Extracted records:
════════════════════

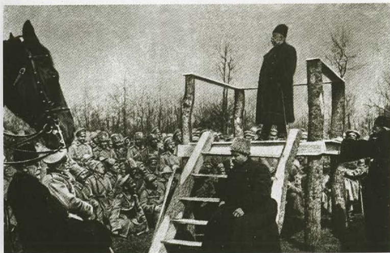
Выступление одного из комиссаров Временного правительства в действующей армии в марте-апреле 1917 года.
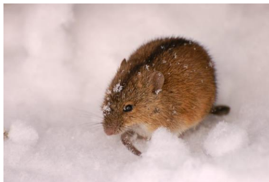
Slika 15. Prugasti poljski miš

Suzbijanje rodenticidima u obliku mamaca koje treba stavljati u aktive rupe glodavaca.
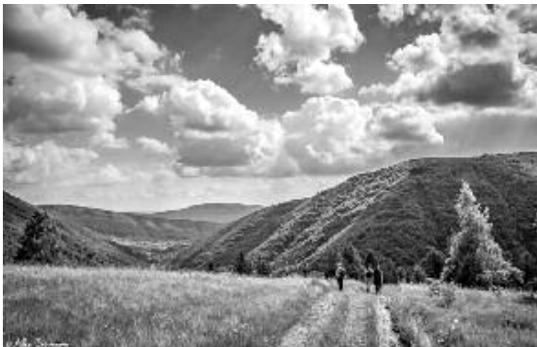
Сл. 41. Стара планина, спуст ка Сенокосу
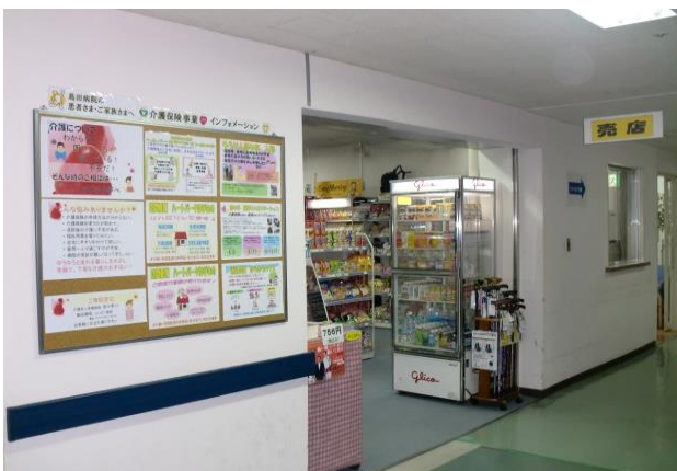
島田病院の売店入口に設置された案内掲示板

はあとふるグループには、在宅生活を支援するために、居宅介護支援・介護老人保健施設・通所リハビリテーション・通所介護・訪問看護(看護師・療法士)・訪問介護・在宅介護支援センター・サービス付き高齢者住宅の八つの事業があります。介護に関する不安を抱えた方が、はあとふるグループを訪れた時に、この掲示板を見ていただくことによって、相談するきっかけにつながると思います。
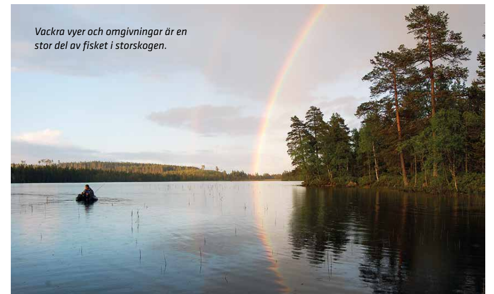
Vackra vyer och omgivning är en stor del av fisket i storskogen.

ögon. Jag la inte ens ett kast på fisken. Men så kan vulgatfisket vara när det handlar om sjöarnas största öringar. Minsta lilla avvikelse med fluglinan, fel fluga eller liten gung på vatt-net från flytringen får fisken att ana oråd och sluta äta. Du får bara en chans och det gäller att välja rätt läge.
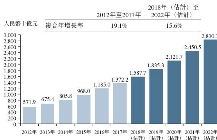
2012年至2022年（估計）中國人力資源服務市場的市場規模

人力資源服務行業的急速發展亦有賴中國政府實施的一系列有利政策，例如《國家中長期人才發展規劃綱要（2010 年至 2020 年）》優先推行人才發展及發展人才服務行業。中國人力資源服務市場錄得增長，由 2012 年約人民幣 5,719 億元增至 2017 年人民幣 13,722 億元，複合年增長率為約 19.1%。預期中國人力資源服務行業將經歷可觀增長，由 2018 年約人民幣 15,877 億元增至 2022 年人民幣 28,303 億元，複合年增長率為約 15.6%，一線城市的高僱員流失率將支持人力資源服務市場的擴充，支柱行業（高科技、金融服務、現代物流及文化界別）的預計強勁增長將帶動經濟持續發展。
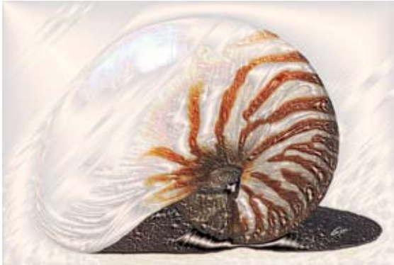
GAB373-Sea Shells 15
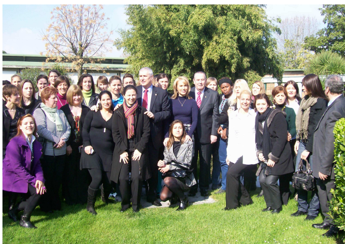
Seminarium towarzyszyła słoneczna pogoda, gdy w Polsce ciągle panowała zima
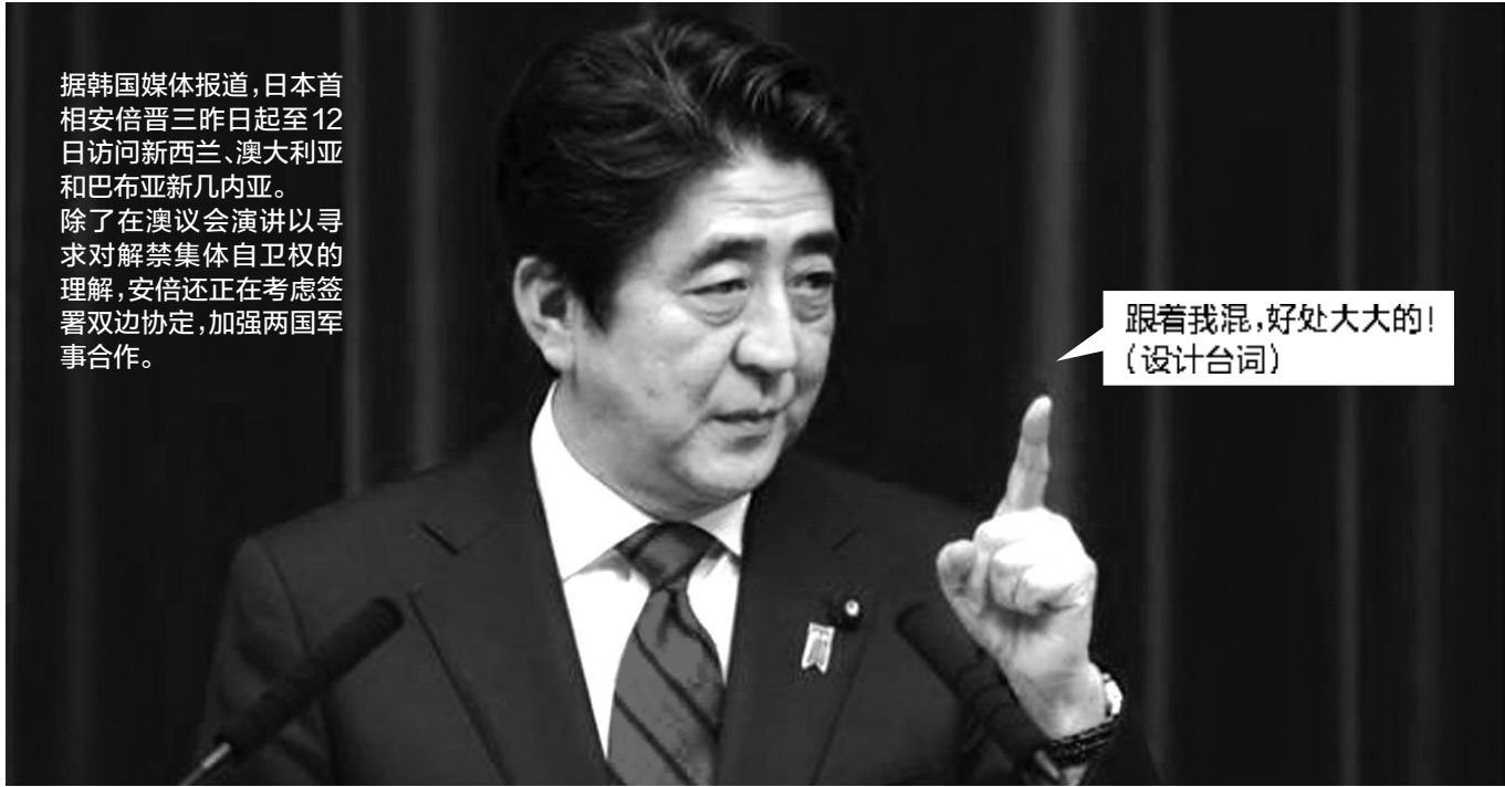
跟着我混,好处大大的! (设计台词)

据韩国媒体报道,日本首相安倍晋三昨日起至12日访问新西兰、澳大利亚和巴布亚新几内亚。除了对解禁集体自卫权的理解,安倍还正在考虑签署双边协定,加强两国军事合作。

════════════════════

What is expected :: Exact copy, pictures excluded: from the line with "はあとふるグループには、在宅" up to and including the line with "Vackra vyer och" in the data above.

Reply to the exercise ::
はあとふるグループには、在宅生活を支援するために、居宅介護支援・介護老人保健施設・通所リハビリテーション・通所介護・訪問看護(看護師・療法士)・訪問介護・在宅介護支援センター・サービス付き高齢者住宅の八つの事業があります。介護に関する不安を抱えた方が、はあとふるグループを訪れた時に、この掲示板を見ていただくことによって、相談するきっかけにつながると思います。
Vackra vyer och omgivning är en stor del av fisket i storskogen.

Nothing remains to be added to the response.